Poster Paper: Can Machine Learning Improve Early Warning Indicators for High School Dropouts?

Saturday, November 10, 2018
Exhibit Hall C - Exhibit Level (Marriott Wardman Park)

*Names in bold indicate Presenter

Lily Fesler and Thomas Dee, Stanford University


High school graduation is a critical step for students who want access to institutions of higher education and a secure economic future. However, many students drop out of school before receiving their high school diploma, and this problem is even more serious for racial minorities. In San Francisco, 16 percent of Black students and 13 percent of Latino students drop out of high school, compared to an overall dropout rate of 7 percent (Barba, 2016).

School districts across the country have started using early warning systems (EWS) to help find students who are at the highest risk of dropping out. These systems give districts a few years to reach out to struggling students before they drop out. However, these districts often use basic prediction algorithms based off of just a couple of simple indicators.

Machine learning techniques have the potential to substantially increase the accuracy of high school dropout predictions (Kleinberg, Ludwig, Mullainathan, & Obermeyer, 2015). These techniques can incorporate more detailed information about students, including academic and behavioral records from each year of schooling. They are also designed to optimize out-of-sample prediction, meaning they are ideal for a problem in which we use data from older students to predict outcomes for younger students.

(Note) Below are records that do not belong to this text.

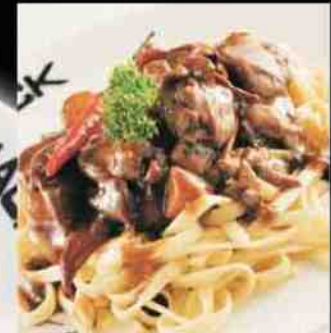
#079 $9.90 Spaghetti with Spicy Kung Pao Chicken
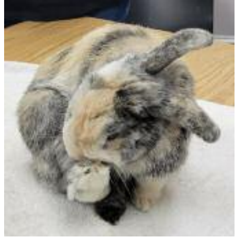
Quick timeout for cleaning at Oyster Bay-East Norwich Public Library.
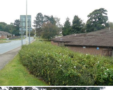
78 Pyart Court below Old Station Way, and with parking. The cycle path crosses in the background
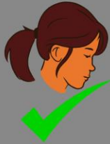
Long Hair should be tied up
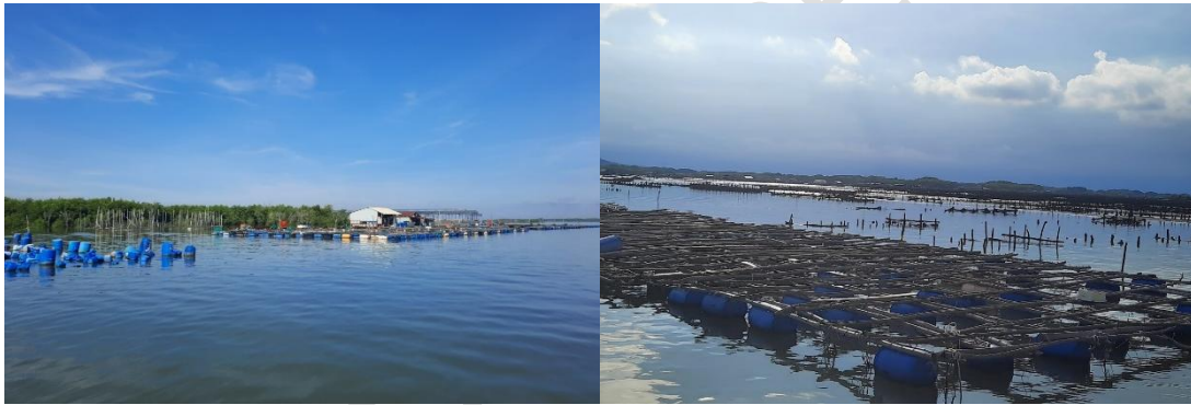
Figure 3: Some types of marine aquaculture in Ba Ria – Vung Tau

In Ba Ria-Vung Tau, coastal aquaculture encompasses a diverse array of forms and practices, reflecting the region's rich aquaculture landscape (Table 1). These practices include shrimp farming in ponds, spanning from super-intensive farming to improved extensive farming, and innovative approaches like shrimp farming combined with mangrove planting. Moreover, the region embraces oyster culture through methods such as raft, longline, and rack oyster culture, as well as cage farming for fish, lobster, and mollusks (Figure 3). Although coastal aquaculture planning has been in place since 2021, the developmental process has revealed inadequacies in various aspects, including farming areas, methods, techniques, breeds, food, waste management, and environmental sustainability. This has led to conflicts both within the aquaculture sector and with other industries, particularly concerning the allocation of coastal space. In light of these challenges, the application of a SWOT analysis in coastal aquaculture becomes crucial, enabling the identification of key issues that need resolution and the formulation of strategies for the sustainable development of aquaculture within localized coastal areas.
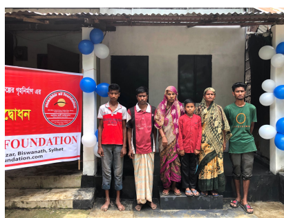
House handover in Banashpur Village

There has been and continues to be an established local publicity campaign to raise awareness. The connection to village committees, constituted from volunteers that have significant roles in the community, has been essential in widening local awareness. Each property that has been erected bares a Trust plaque that also describes the source of the benefit (for example, single UK beneficiaries). A visual account of this is recorded on the Trust's website.
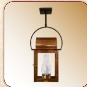
ROUND YOKE CX-RY (14", 16", 22")
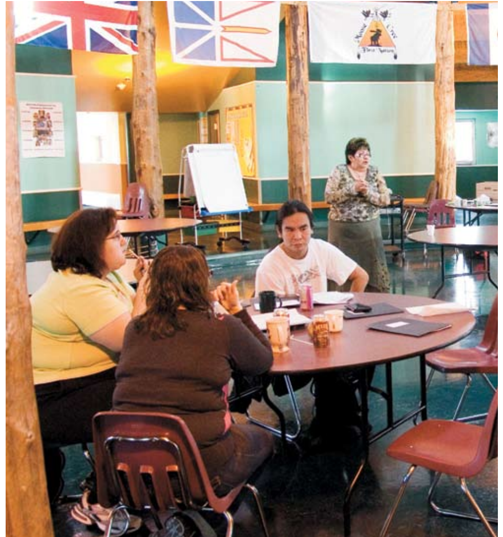
Participants at the Lateral Violence seminar held at the school.

Telemedicine reduces the high cost of travel and the stress that community members often feel when they travel to a foreign environment where the culture and language are different. First Nations also benefit from telemedicine during the flu season, when they can use it to share updates and keep informed of outbreaks.
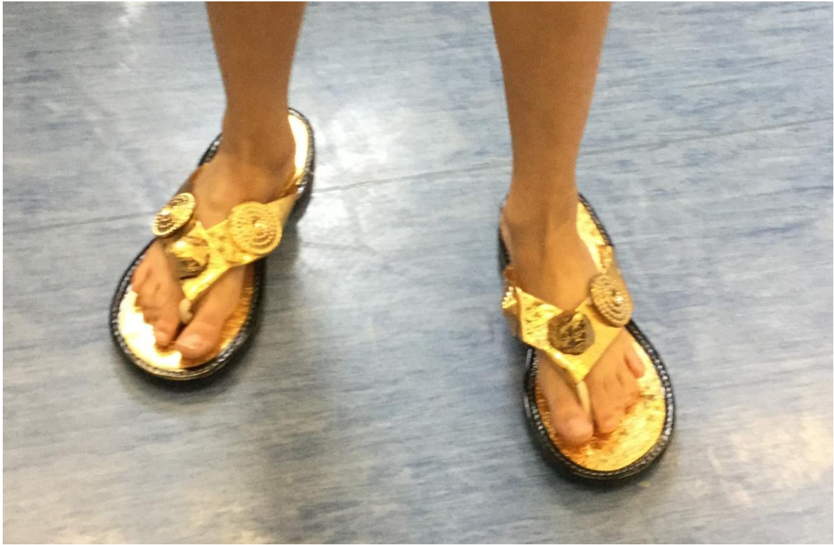
Modelling traditional African sandals from Ghana/Cote D'ivoire/Akan tribe.
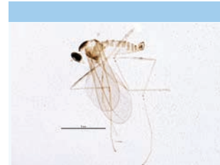
[Lateral] Cecidomyiidae BIN URI: BOLD:ACC6796
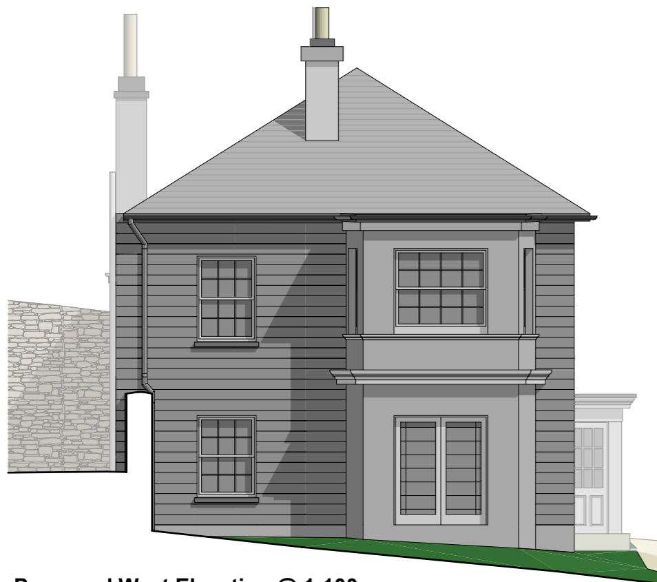
Proposed West Elevation @ 1:100
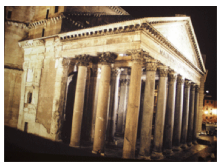
Pantheon of Rome: A Symbol of Unity Among Confusion

The Pantheon was originally a pagan shrine for multiple gods and was turned into a Catholic shrine for multiple "saints."
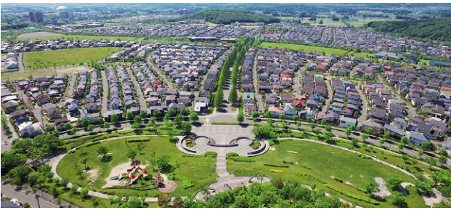
Izumi Park Town Murasakiyama District

e.g. Izumi Park Town Murasakiyama District, Senseki District, Izumi Village District
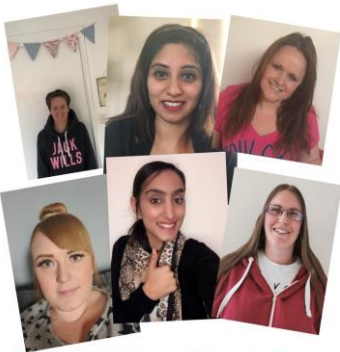
Dunstall Hill Primary Reception Class
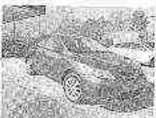
12 TOYOTA COROLLA 70k miles - $12,900 Peter's Auto 402 S. Oak St. - Seneca 883-1467
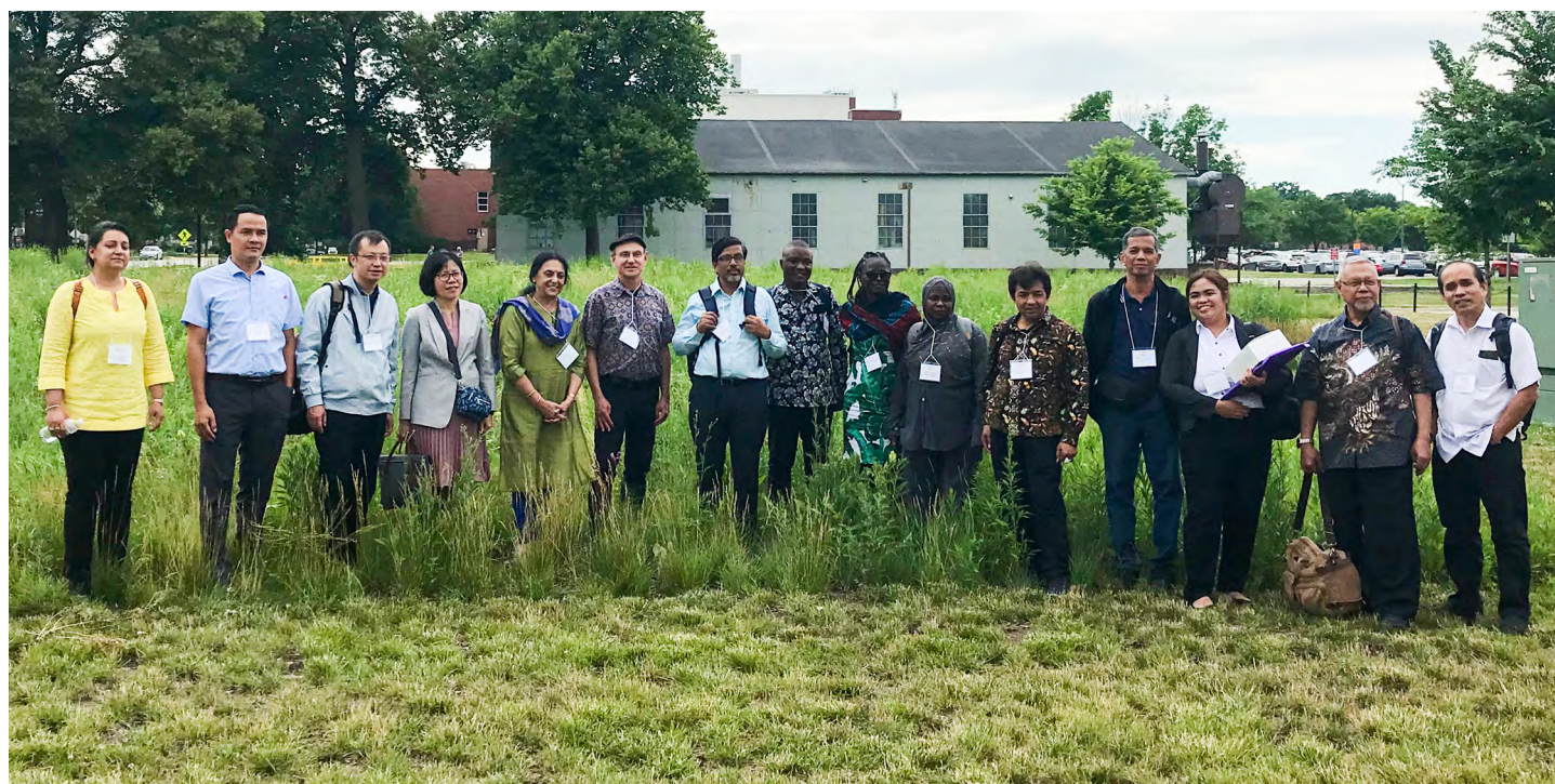
Participants and faculty at the Environmental Risk Assessment (ERA) Workshop on Non-Target Organism Testing (26 June 2023)
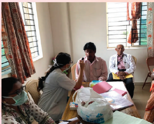
Free Eye Check-up Camp was conducted by Shri B. M. Patil Medical College, Hospital & Research Centre, held at Saint Joseph Community & Welfare Centre, Vijayapura on June 18, 2017.
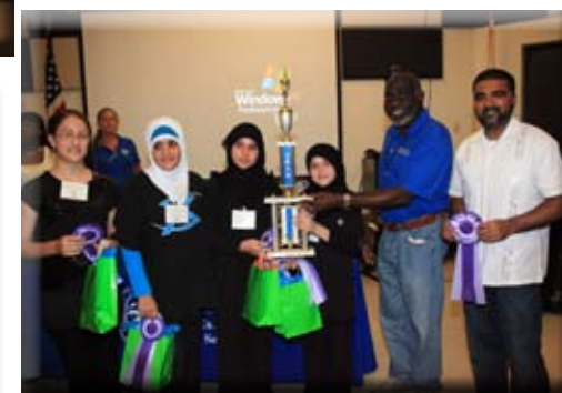
IQRA Junior High
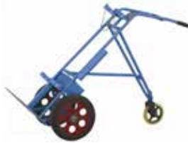
GAS CYLINDER TROLLEY DHE.AC20B
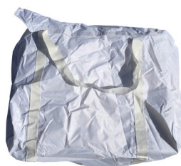
PVC Roof / Protective Cover (x1)

If districts had access to more accurate student-level high school dropout predictions, they would be able to more effectively target students who would benefit the most from additional supports. This paper investigates how much machine learning techniques can improve these predictions over the methods that are currently in use.

Research Questions

We have two research questions:

  1. How do predictions from machine learning algorithms compare to the early warning algorithms currently in use?
  2. How does the accuracy of predictions improve with each additional year of data?


We use data from the San Francisco Unified School District (SFUSD). SFUSD’s current EWS identifies students as at risk of dropping out if their eighth grade GPA is below 2.0 and their eighth grade attendance rate is below 87.5 percent. We substantially expand the number of variables to include in the EWS algorithm. We have data from 2000 to 2016 for students in Pre-K through twelfth grades on variables such as background characteristics, EL and special education status, number of suspensions and expulsions, grades, and state assessments.

Research Design

We use lasso, ridge, elastic net, random forest, and ensemble methods to predict which students are likely to drop out of high school, then use cross-validation to assess the performance of each method. We use a loss function to assess the performance of each method, and to compare these machine learning methods to the current two-variable system being used in SFUSD. We also estimate how the accuracy of the predictions change with additional years of data.


This paper investigates the prediction gains that machine learning techniques make over school districts’ current early warning systems. These gains may be of interest to data-driven school districts who are interested in targeting struggling students earlier in their academic careers.